Ahat si koi ho to lagta hai ke tum ho, Hawa koi Lehrai to lagta hai ke tum ho, Ab tum hi batao ke tum kissi bhoot se kam ho?

She took me to a private room,put her hands on my waist,took off my Top than put her Lips on mine,Oh thanx GOD I am only a bottle

I wish I was a tear drop , born in your eyes , Live on your cheeks and die on your lips

When times comes,to give heart to some1,make sure to select some1 who never break your heart bcoz broken hearts don't spare parts

Love your friends,As they love U,But never hate them when they hate U,Give your smile to everyone but give your heart to Only 1

Sitting Up And Sitting Down , Kissing Is A Common Noun , All The Words With Proper Tense , Choose The Girl With Common Sense

(L)DO U LOVE ME(L)(W) (NO)(W) OK............... NEXXXXXXXXT PLEZZZZZ.....:p

I Was Not *Kissing* Him I Was Just Telling His Lips A Secret!!

A Friend is Sweet when its NEW****Its Sweeter when its TRUE****But you know that its the sweetest when it is U

When i c da moOn..i c u..when i c da starz.i c u when i c da sky i c u..get outa ma wae ...ur blocking ma vieW....!!!!!

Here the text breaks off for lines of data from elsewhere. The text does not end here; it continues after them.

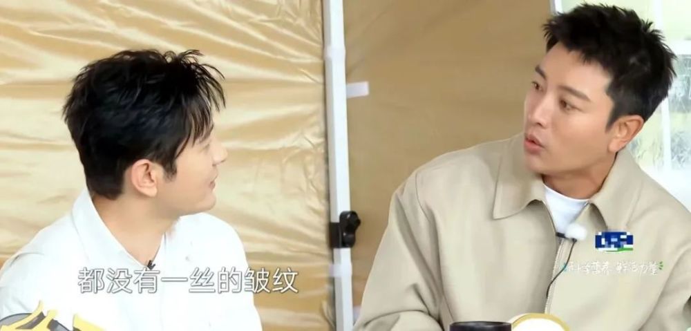 贾乃亮赶紧接话,表示从侧面看黄晓明,他没有缺陷,甚至鼻子、下巴都很完美,脸上也没有皱纹。这倒是夸到晓明哥心坎里了,他笑得很开心。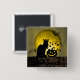 A silhouette of Théophile Steinlen's black cat for the Le Chat Noir club in a modern setting with a bright yellow moon, grey wall with ivy, a spider, a bat, and a jack-o-lanterns.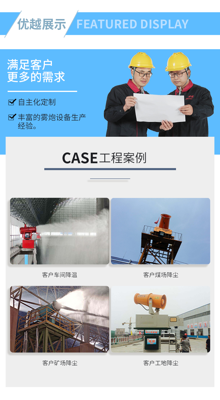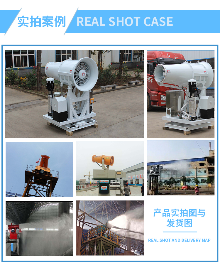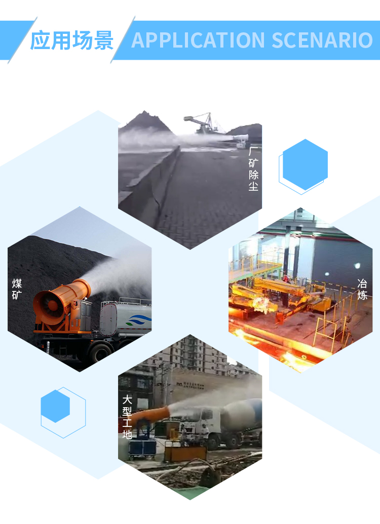 主要用途:適用于城市拆遷工地、冶金鋼鐵企業、采礦區域、煤化工企業、水泥廠、火力發電廠、建筑工地、物料和礦產品露天堆放廠、混凝土處理廠、垃圾堆放場、垃圾焚燒廠、沙廠、干式物料倉庫、露天爆破、重度粉塵區域。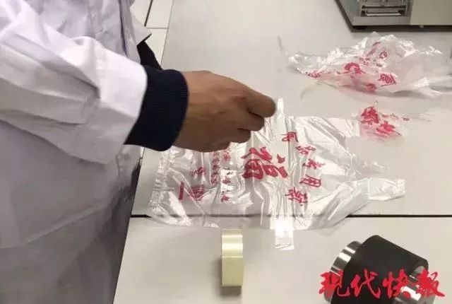 为了看清油墨掉色情况,4月11日,江苏省绿色可降解材料中心进行了现场实验。中心检测人员刘鹏远将透明胶带贴在塑料袋印刷文字上,随后撕掉,透明胶带上染上了明显的红色。“从染色的情况来看,掉色程度达到40%,超标了。”

When i c da moOn..i c u..when i c da starz.i c u when i c da sky i c u..get outa ma wae ...ur blocking ma vieW....!!!!!

Life brings Kabhi Khushi Kabhi Gham when its end Na Tum Jano Na Hum so guys let Masti who knowz Kal Ho Na Ho

Heer & Ranjha discovered Luv...Romeo & Juliet practised it...Farhaad & Sheerein Died 4 it .....NOw wht abt Ya n Me?

Kiss is'nt like Nokia,Connecting People,Kiss is'nt like Pepsi,Yeh Dil Maange More,But Kiss is like Pan Parag..Ek Se Mera Kya Hoga

Do you believe in Love at First Sight****Or do I have to Walk by Again??:$

Someday u may Lose Ur Hair, Ur Teeth, & ur mind,But 1 thing u can't loose is ur good looks,coz u cant lose wot u don't have!

What's wrong with yur cell everytime I call a voice says that that subscriber u dialed is a Monkey, plz contact zoo for details

If you live to be a hundred, I want to live to be a hundred minus one day, so I never have to live without you.